Тверитинов усмехнулся, тоже припомнив фразу токаревского бровастого зама. Но почти тут же усмешка стала улыбкой, коричневые его глаза наполнились грустным доверием, и он проговорил тихо, почти заговорщицки:
– Знаете, арка для меня – совсем как жизнь человеческая: взлет – падение, уход и опять – рождение, взлет… Столько в ней, я бы сказал, изящной необходимости! Из всех конструктивных форм арка конечно же самая эмоциональная, пластичная.
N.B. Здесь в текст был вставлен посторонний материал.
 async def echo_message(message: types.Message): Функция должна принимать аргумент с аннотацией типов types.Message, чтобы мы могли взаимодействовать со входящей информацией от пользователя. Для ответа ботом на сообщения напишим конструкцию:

А здесь она, во всяком случае для меня, людскую общность какую-то несет, общность тех, кто будет жить в этом доме… «Прически требует»! – он повторил эту фразу и неожиданно громко, неудержимо рассмеялся, продолжая говорить сквозь смех: – Это ж все равно… ну, не знаю… в симфонии, в самом патетическом месте соло на балалайке подпустить бы, а?.. Так и прическа эта…
Я тоже смеялся. Тверитинов еще пояснил, должно быть, теперь угадав во мне душу сходную:
– Культура – это, кроме всего прочего, когда человек подходит к новой для себя вещи без предвзятости, готовых мерок. С любопытством, как минимум.
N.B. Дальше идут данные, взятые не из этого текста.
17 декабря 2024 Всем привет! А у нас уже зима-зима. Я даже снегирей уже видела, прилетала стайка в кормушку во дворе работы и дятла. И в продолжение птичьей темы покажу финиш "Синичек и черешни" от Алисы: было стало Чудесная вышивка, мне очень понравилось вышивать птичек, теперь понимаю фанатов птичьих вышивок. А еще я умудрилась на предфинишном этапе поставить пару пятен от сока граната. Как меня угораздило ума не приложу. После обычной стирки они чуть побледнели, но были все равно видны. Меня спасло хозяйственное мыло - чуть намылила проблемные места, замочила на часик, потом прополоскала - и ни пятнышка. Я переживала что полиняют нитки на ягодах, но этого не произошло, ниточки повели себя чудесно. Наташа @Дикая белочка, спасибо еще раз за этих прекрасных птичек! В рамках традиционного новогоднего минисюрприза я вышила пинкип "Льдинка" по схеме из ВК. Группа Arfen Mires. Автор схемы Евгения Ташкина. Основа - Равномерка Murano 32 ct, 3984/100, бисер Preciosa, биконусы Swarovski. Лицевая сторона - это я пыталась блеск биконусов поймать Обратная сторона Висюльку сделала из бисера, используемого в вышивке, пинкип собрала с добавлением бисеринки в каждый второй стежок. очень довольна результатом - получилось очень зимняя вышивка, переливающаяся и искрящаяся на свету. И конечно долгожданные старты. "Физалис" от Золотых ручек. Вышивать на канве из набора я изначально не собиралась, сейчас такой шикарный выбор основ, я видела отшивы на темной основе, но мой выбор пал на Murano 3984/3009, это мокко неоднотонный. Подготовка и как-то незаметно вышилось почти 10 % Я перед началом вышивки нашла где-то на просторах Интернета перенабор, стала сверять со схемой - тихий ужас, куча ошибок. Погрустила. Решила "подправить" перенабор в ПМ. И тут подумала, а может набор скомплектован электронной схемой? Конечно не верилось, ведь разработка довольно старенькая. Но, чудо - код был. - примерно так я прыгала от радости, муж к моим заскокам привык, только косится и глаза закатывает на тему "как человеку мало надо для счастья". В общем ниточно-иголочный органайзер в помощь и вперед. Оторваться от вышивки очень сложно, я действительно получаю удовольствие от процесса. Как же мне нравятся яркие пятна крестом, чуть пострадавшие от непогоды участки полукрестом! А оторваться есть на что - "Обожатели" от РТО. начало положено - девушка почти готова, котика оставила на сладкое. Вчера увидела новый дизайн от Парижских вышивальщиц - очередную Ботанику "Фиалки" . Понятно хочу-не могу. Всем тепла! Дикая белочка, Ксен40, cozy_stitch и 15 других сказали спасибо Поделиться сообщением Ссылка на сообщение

Желая понять. А если этого нет!.. – Александр Григорьевич показал гибкими своими, длинными пальцами, как безнадежен и уныл такой человек, какой он обрубленно-плоский.
Он теперь говорил о близости музыки и архитектуры, о перекличках их ритмов, о нравственности и безнравственности этих искусств; доказывал, что подлинная красота всегда нравственна… Но я вдруг поймал себя на том, что уже не вслушиваюсь в смысл его слов, а слежу лишь за их интонацией, которая стала раздумчивой. «Тоже музыка: музыка характера тверитиновского», – думал я. И еще думал: – теперь уже мне писать о ДНБ, о Тверитинове непременно, не раз и не два вернусь сюда, чтобы все не просто понять – почувствовать.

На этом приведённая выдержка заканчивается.